* WHAT THIS TASK INVOLVES:
The required output is the exact run of lines in the listing below from the line holding "根据公路工程安全管理的运作模" through the line holding "Orologio da parete", with no pictures.

- Opening Delimiter -

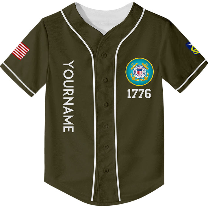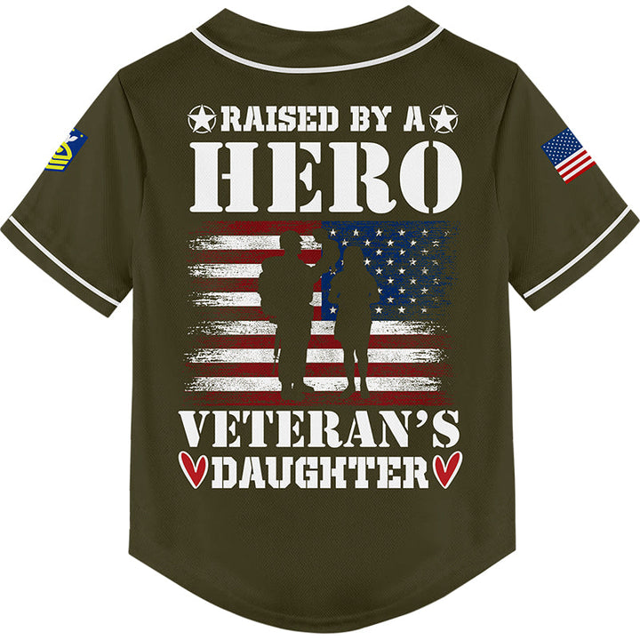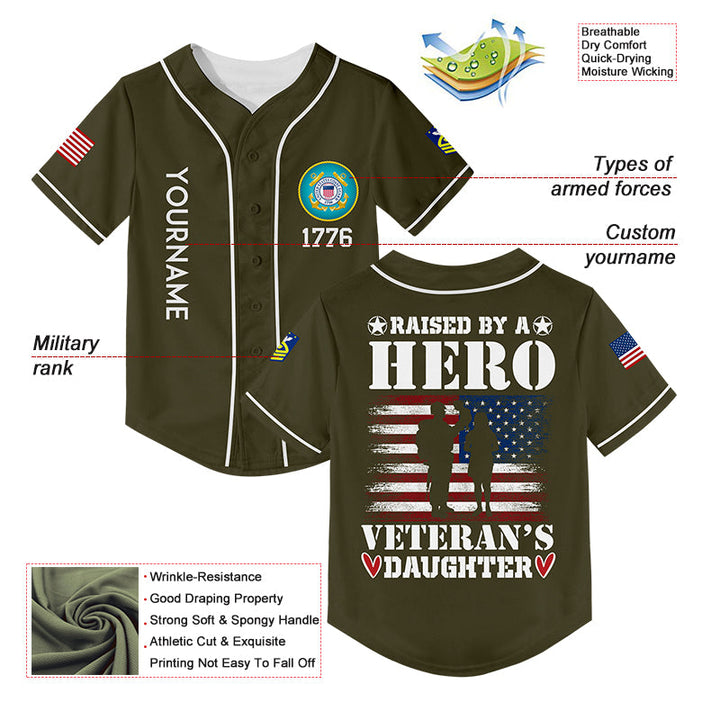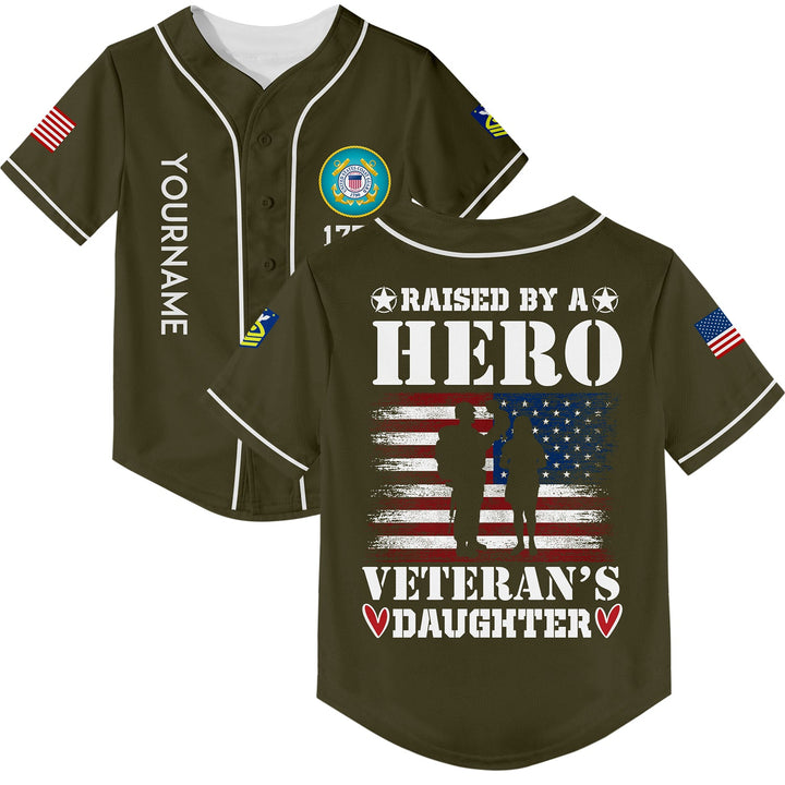 Custom Olive Raised By A Hero Veteran's Daughter 1776 Flag U.S Coast Guard Military Rank Name Veterans Day Baseball Jersey | Father's Day Gifts
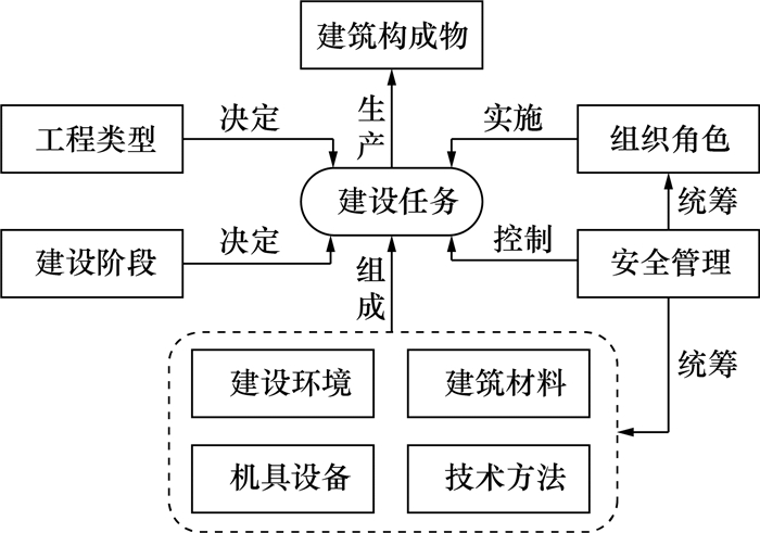 根据公路工程安全管理的运作模式,本研究得到该领域的核心概念与关系框架,如图 2所示。对于特定的建设任务,建筑构成物是生产目标,其性质由工程类型、建设阶段所决定;人是实施主体,机械、环境、材料、工艺是重要组成;而安全管理的过程则统筹人、机、环、法、材,对建设任务进行宏观控制。这个框架可作为知识架构的底层逻辑和基础,同时也是公路工程安全领域的核心概念与关系体系。从该体系可以衍生、扩展出多维度层状分类的本体层,继而引导知识图谱的构建和组织。
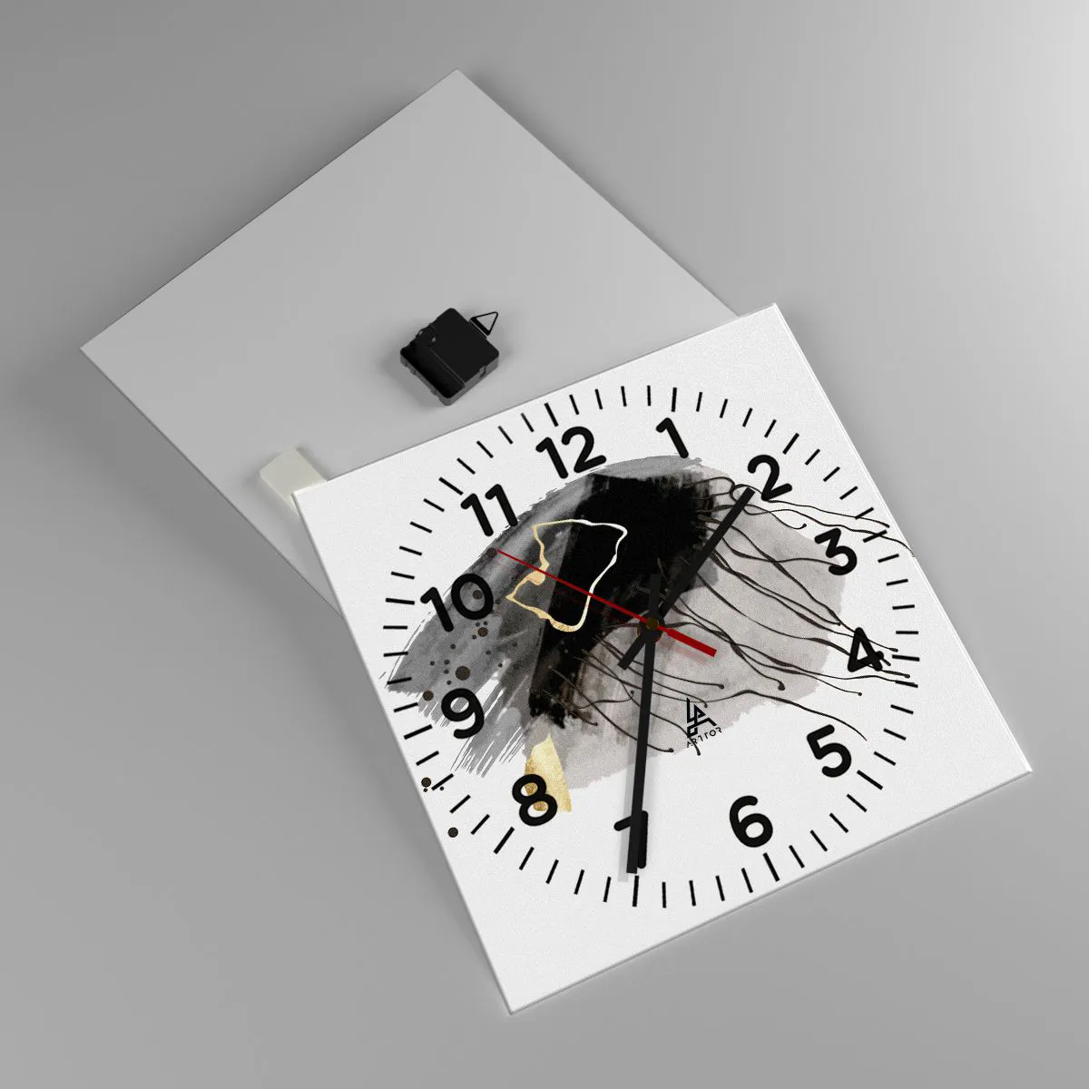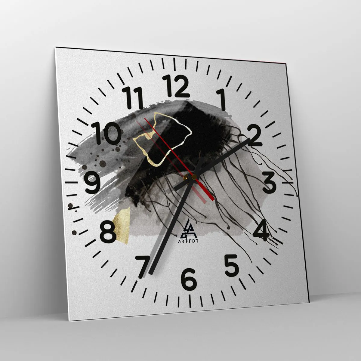 Orologio da parete - Orologio in Vetro - In nero e in oro - 40x40 cm
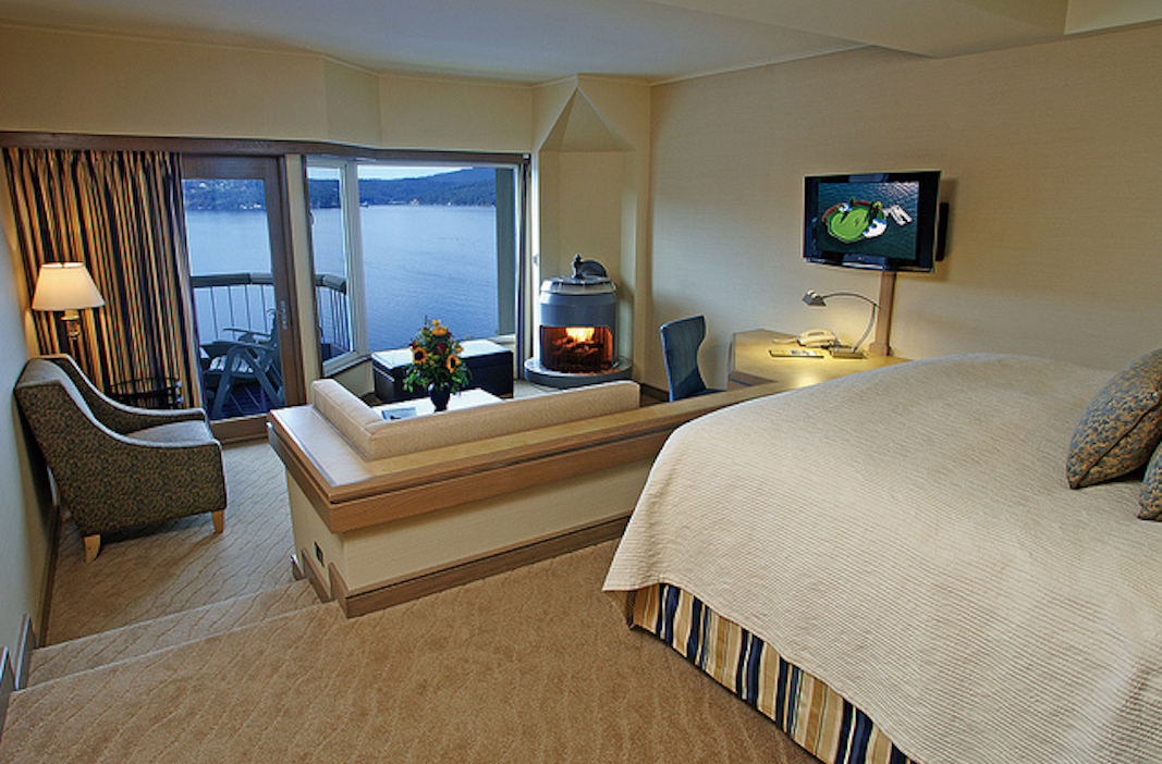 2-CdA-Resort-GolfCourse14thHoleZum Golfen kommen viele Besucher, doch das Hotel hat weit mehr zu bieten. Die mehr als 300 Zimmer verteilen sich auf verschiedene Gebäudeteile. Augenfälligster und modernster Teil ist der 18-stöckige Lake Tower. Dort verfügen alle Gästezimmer über Balkone mit Blick auf den See, die umgebenden dichten Wälder und die Berge. Den Ausblick kann man sogar vom Bett aus genießen, denn die Betten stehen erhöht. Es gibt Gaskamine, große Bäder mit Wanne und Dusche, Sofa und Kaffeemaschine.
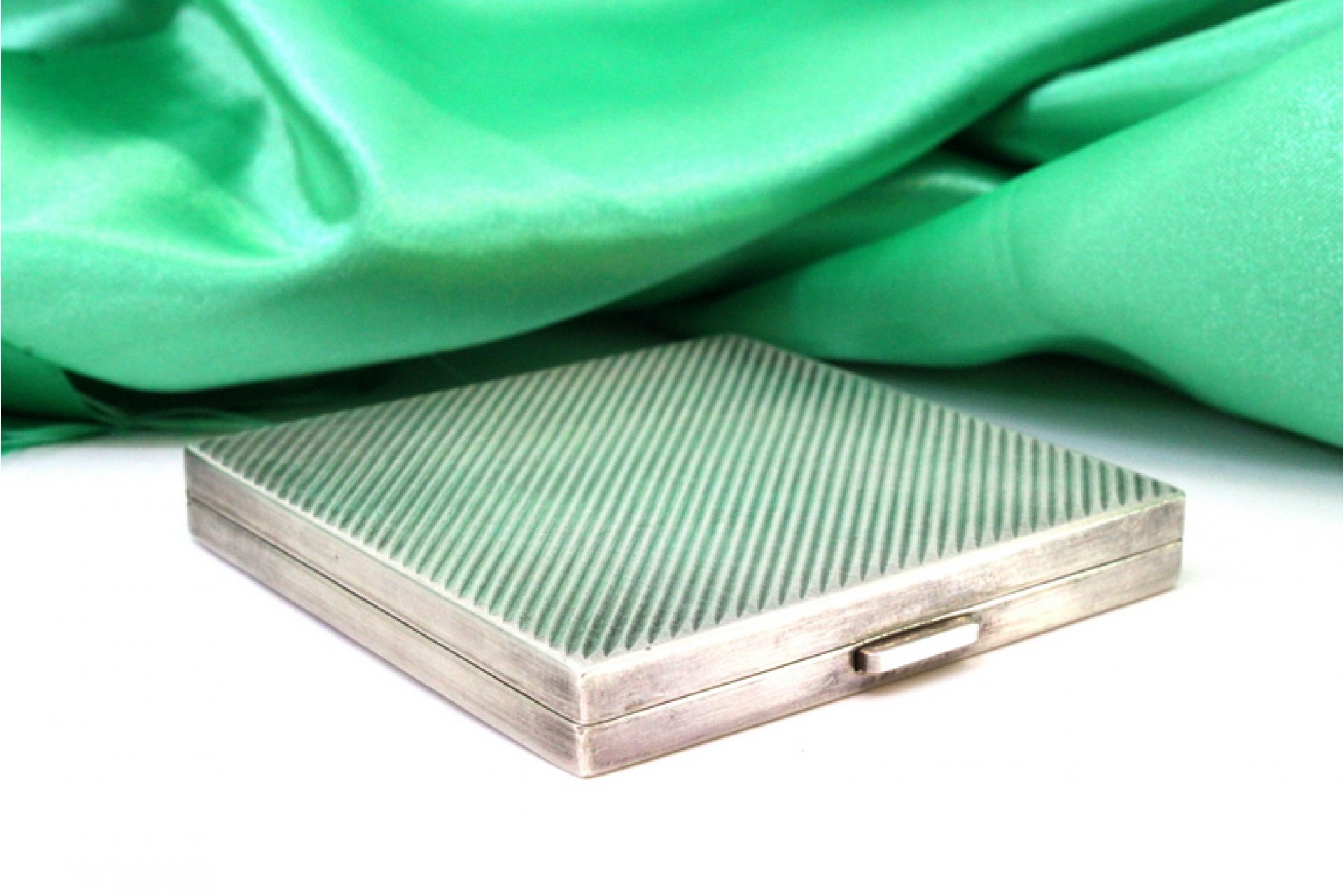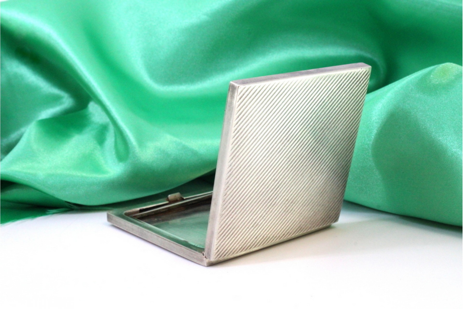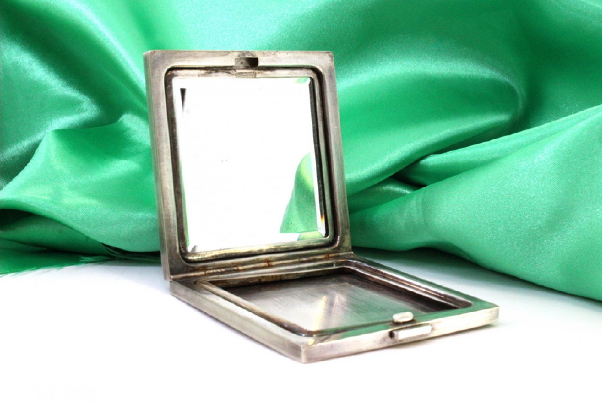 • Descrição: Caixa de toilette em prata com gravados assimétricos espelho no interior e tampa basculante.
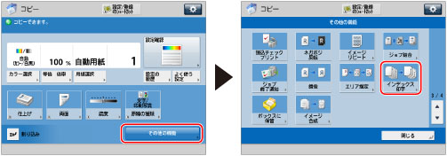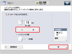 タッチパネルディスプレーに表示されているインデックス数と、セットされているインデックス紙のインデックス数が合っているか確認してください。 セットされているインデックス紙の分割数の変更は、[用紙の設定]で行います。(→給紙箇所にセットした用紙のサイズと種類を登録する) |
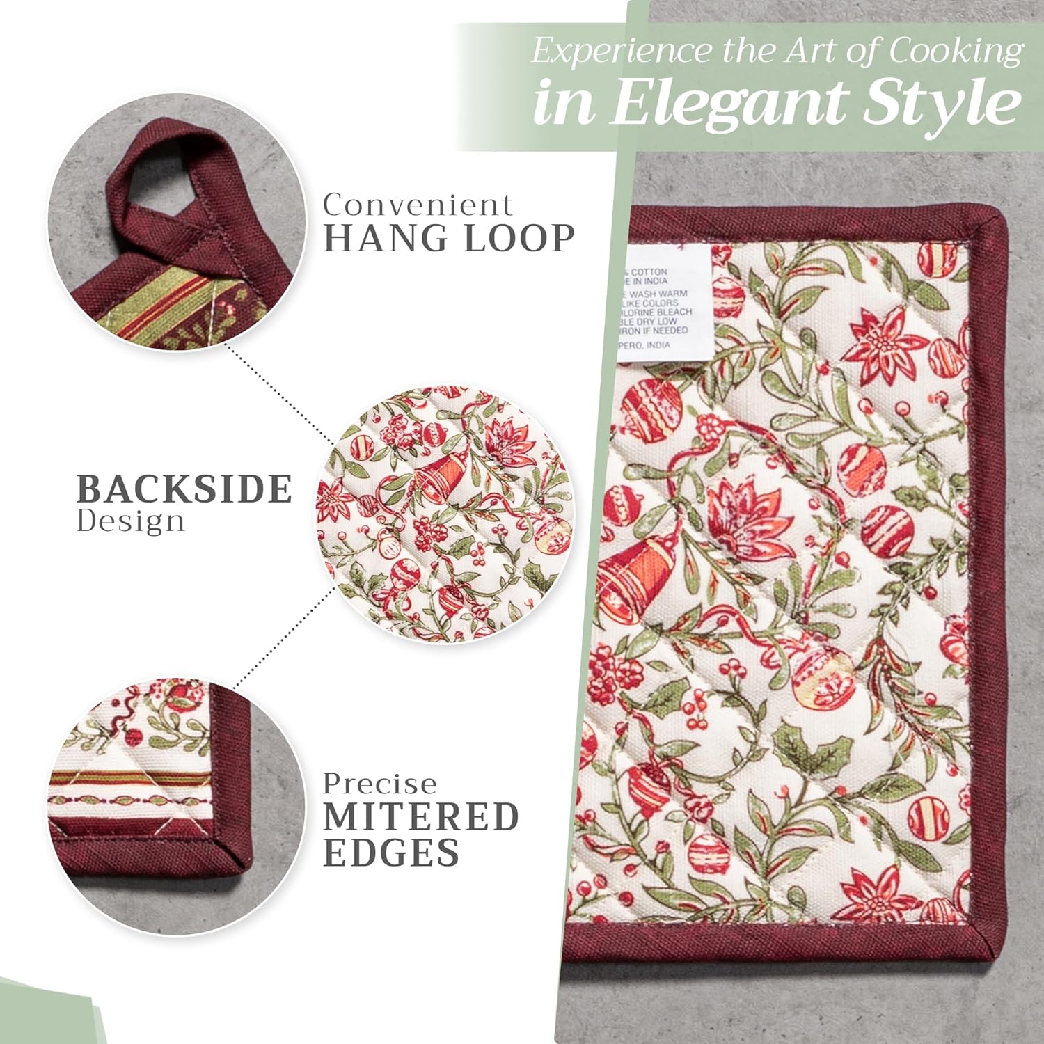 - Package includes: 2 pot holders measures 8"x8". Ideal as a hot pad for dishes, coffee pots, cast iron pans, or cookware. Designed in Europe and Made in India, it blends style, function, and comfort into a daily kitchen essential

- Closing Delimiter -

* ANSWER BOX:
 根据公路工程安全管理的运作模式,本研究得到该领域的核心概念与关系框架,如图 2所示。对于特定的建设任务,建筑构成物是生产目标,其性质由工程类型、建设阶段所决定;人是实施主体,机械、环境、材料、工艺是重要组成;而安全管理的过程则统筹人、机、环、法、材,对建设任务进行宏观控制。这个框架可作为知识架构的底层逻辑和基础,同时也是公路工程安全领域的核心概念与关系体系。从该体系可以衍生、扩展出多维度层状分类的本体层,继而引导知识图谱的构建和组织。
 Orologio da parete - Orologio in Vetro - In nero e in oro - 40x40 cm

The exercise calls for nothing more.